▶ Your objective: For this exercise, print the listing below exactly, without its pictures.

▶ Data for processing:
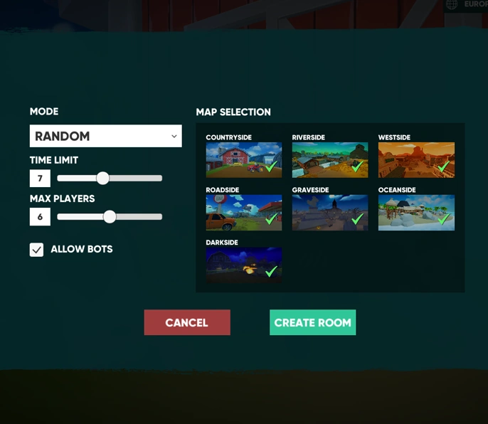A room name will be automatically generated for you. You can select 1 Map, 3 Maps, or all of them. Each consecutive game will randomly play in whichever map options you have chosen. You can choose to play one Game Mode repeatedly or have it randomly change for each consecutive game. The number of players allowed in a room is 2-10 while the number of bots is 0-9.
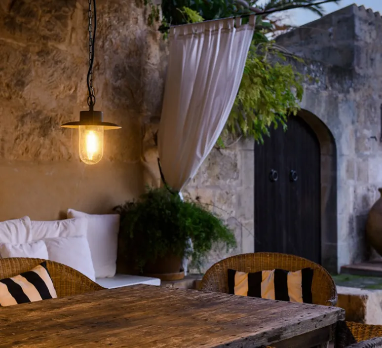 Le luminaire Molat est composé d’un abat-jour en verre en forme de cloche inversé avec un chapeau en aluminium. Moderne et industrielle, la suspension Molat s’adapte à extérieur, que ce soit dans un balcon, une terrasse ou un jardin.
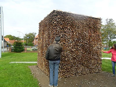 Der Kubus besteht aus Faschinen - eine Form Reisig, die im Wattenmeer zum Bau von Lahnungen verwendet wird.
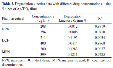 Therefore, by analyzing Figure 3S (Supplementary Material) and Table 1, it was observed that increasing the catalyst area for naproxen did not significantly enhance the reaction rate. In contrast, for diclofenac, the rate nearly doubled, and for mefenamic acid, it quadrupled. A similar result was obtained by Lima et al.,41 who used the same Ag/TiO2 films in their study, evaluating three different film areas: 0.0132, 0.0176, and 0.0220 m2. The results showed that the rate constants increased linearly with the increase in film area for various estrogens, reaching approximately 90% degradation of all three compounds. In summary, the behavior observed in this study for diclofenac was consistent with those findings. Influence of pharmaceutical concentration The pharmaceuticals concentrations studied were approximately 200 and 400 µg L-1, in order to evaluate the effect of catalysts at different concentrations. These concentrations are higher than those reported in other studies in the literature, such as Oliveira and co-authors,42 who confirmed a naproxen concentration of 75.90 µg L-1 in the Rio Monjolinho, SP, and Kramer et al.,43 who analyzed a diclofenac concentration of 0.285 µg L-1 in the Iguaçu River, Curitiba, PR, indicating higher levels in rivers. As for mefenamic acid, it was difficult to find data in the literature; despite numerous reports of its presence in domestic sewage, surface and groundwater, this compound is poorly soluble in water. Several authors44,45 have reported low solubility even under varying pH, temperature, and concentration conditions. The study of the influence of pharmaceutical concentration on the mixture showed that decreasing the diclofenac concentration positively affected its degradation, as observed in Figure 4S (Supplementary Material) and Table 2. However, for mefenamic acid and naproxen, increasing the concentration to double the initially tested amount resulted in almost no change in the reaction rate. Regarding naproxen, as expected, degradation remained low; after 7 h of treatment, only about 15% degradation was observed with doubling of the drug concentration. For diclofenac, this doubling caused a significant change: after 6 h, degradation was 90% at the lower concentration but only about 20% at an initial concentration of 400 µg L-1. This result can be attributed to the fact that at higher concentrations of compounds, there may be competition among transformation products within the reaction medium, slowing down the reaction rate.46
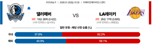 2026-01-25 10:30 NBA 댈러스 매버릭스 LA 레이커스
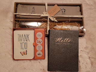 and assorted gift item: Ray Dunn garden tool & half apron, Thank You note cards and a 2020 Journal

▶ Solution below:
A room name will be automatically generated for you. You can select 1 Map, 3 Maps, or all of them. Each consecutive game will randomly play in whichever map options you have chosen. You can choose to play one Game Mode repeatedly or have it randomly change for each consecutive game. The number of players allowed in a room is 2-10 while the number of bots is 0-9.
 Le luminaire Molat est composé d’un abat-jour en verre en forme de cloche inversé avec un chapeau en aluminium. Moderne et industrielle, la suspension Molat s’adapte à extérieur, que ce soit dans un balcon, une terrasse ou un jardin.
 Der Kubus besteht aus Faschinen - eine Form Reisig, die im Wattenmeer zum Bau von Lahnungen verwendet wird.
 Therefore, by analyzing Figure 3S (Supplementary Material) and Table 1, it was observed that increasing the catalyst area for naproxen did not significantly enhance the reaction rate. In contrast, for diclofenac, the rate nearly doubled, and for mefenamic acid, it quadrupled. A similar result was obtained by Lima et al.,41 who used the same Ag/TiO2 films in their study, evaluating three different film areas: 0.0132, 0.0176, and 0.0220 m2. The results showed that the rate constants increased linearly with the increase in film area for various estrogens, reaching approximately 90% degradation of all three compounds. In summary, the behavior observed in this study for diclofenac was consistent with those findings. Influence of pharmaceutical concentration The pharmaceuticals concentrations studied were approximately 200 and 400 µg L-1, in order to evaluate the effect of catalysts at different concentrations. These concentrations are higher than those reported in other studies in the literature, such as Oliveira and co-authors,42 who confirmed a naproxen concentration of 75.90 µg L-1 in the Rio Monjolinho, SP, and Kramer et al.,43 who analyzed a diclofenac concentration of 0.285 µg L-1 in the Iguaçu River, Curitiba, PR, indicating higher levels in rivers. As for mefenamic acid, it was difficult to find data in the literature; despite numerous reports of its presence in domestic sewage, surface and groundwater, this compound is poorly soluble in water. Several authors44,45 have reported low solubility even under varying pH, temperature, and concentration conditions. The study of the influence of pharmaceutical concentration on the mixture showed that decreasing the diclofenac concentration positively affected its degradation, as observed in Figure 4S (Supplementary Material) and Table 2. However, for mefenamic acid and naproxen, increasing the concentration to double the initially tested amount resulted in almost no change in the reaction rate. Regarding naproxen, as expected, degradation remained low; after 7 h of treatment, only about 15% degradation was observed with doubling of the drug concentration. For diclofenac, this doubling caused a significant change: after 6 h, degradation was 90% at the lower concentration but only about 20% at an initial concentration of 400 µg L-1. This result can be attributed to the fact that at higher concentrations of compounds, there may be competition among transformation products within the reaction medium, slowing down the reaction rate.46
 2026-01-25 10:30 NBA 댈러스 매버릭스 LA 레이커스
 and assorted gift item: Ray Dunn garden tool & half apron, Thank You note cards and a 2020 Journal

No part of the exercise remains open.